Goshen College hosted its 24th annual Academic Symposium this Wednesday. The Academic Symposium provides a platform for faculty and students from various backgrounds and departments to showcase their original research and creative works.“The purpose is to celebrate all the different things that students have accomplished,” said Ann Vendrely, vice president of academic affairs and academic dean. “We know that students are doing lots of interesting individual and small group projects.”
This year, GC decided to suspend classes for the day, marking the first time this has been done. When deciding whether to cancel classes, the planning committee will “pay attention to student participation and make sure it’s worthwhile,” according to Venderly.
Keynote speaker Dr. Laura Miller-Graff from Notre Dame kickstarted the event with a lecture titled “Rigor and Right Action: Supporting Human Dignity in Research.” Her talk focused on how people can contemplate human dignity at stages of the research process in order to impact the research in a rigorous and relevant way.
The Queen Singers, a women of color singing group at GC, also took the stage to sing a rendition of “Girl on Fire” by Alicia Keys.
Robert Brenneman, a planning committee member and professor of criminal justice and sociology, said the idea was to show that “symposium day is not just for presenting research.”
“It’s also for presenting the creative arts,” he added. “We’ll have musicians doing things and [some seniors] presenting their recital pieces.”
After the Queen Singers’ performance, Vendrely transitioned into recognizing faculty who were promoted or published in the last year.
A reception followed before faculty, students and community members attended their first student presentations, which began at 10 a.m. with the last session ending mid-afternoon.
The symposium’s schedule currently lists over 100 students presenting topics ranging from gender roles to robot demonstrations. According to Vendrely, more students are now presenting since the symposium’s beginning.
When speaking about the importance of the event, Brenneman said, “Ideas matter, research matters, it matters that we do it well. It’s important for students, especially seniors, to have the opportunity to share what they’ve learned.”
Robert Sanders, a senior sports management major, shared research from his senior capstone project, “The essence of servant leadership.”

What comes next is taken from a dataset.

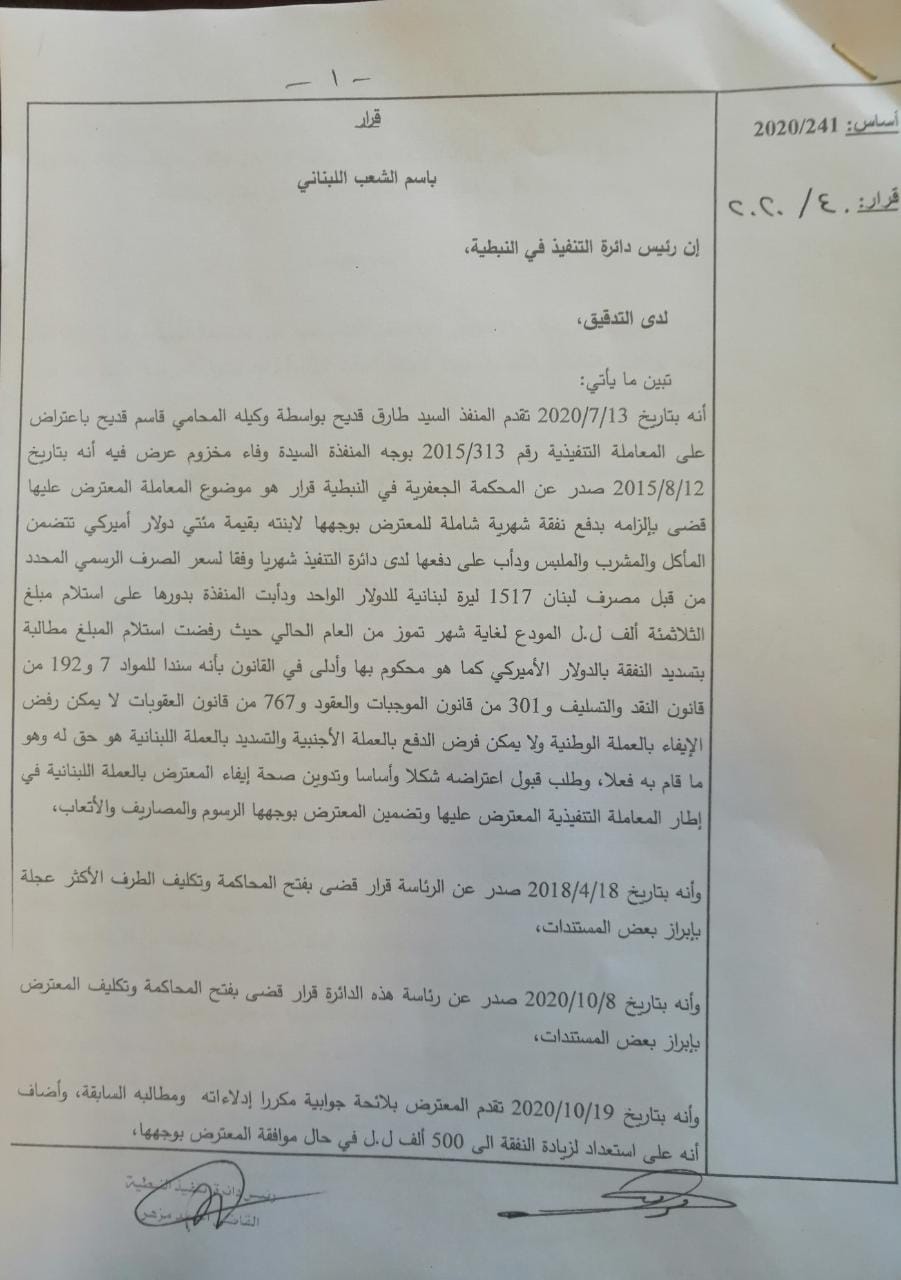 اصدر رئيس دائرة تنفيذ النبطية القاضي أحمد مزهر قرارا قضائيا بمثابة انتصار للمرأة

Sanders said his research focuses on “maximizing our possibilities to produce servant leaders” through belonging, identity and compassion, with a specific focus on better understanding and improving athletics at GC. “I’m passionate about servant leadership and believe our college athletic department could greatly improve if we continue to rally around a better understanding of servant leadership,” he added.
Sanders also said the Academic Symposium is a “great starting ground” for fitting his research into his future goals. He plans to pursue nonprofit work, having already founded his own nonprofit organization with servant leadership as the foundation.
Olivia Koop, a senior biochemistry major, delivered two presentations. Her first study examined how patriarchal structures and gender roles impact the lives of Indian women in India and the United States, despite the migration of Indian families to the country.
For the second session, she and other students involved in the chemistry department “synthesized proteins that have potential to be antibiotics.”
“I think the symposium is really cool because you can learn about … different projects and research outside your own,” Koop said. “It [also] feels good to be able to share my research that I’ve invested so much time into.”
Venderly emphasized the importance of recognizing the accomplishments of others and what people can gain by celebrating them.
“I think some of the things that students are doing are really amazing,” she said. “For them to see each other and be inspired by it, I think that’s important.”
Sanders encourages other students interested in pursuing research or presenting at future symposiums to do so.
“Find something you’re passionate about and take the first steps in that direction,” he said. “Enjoy the research and know the greater purpose attached to what you’re presenting.”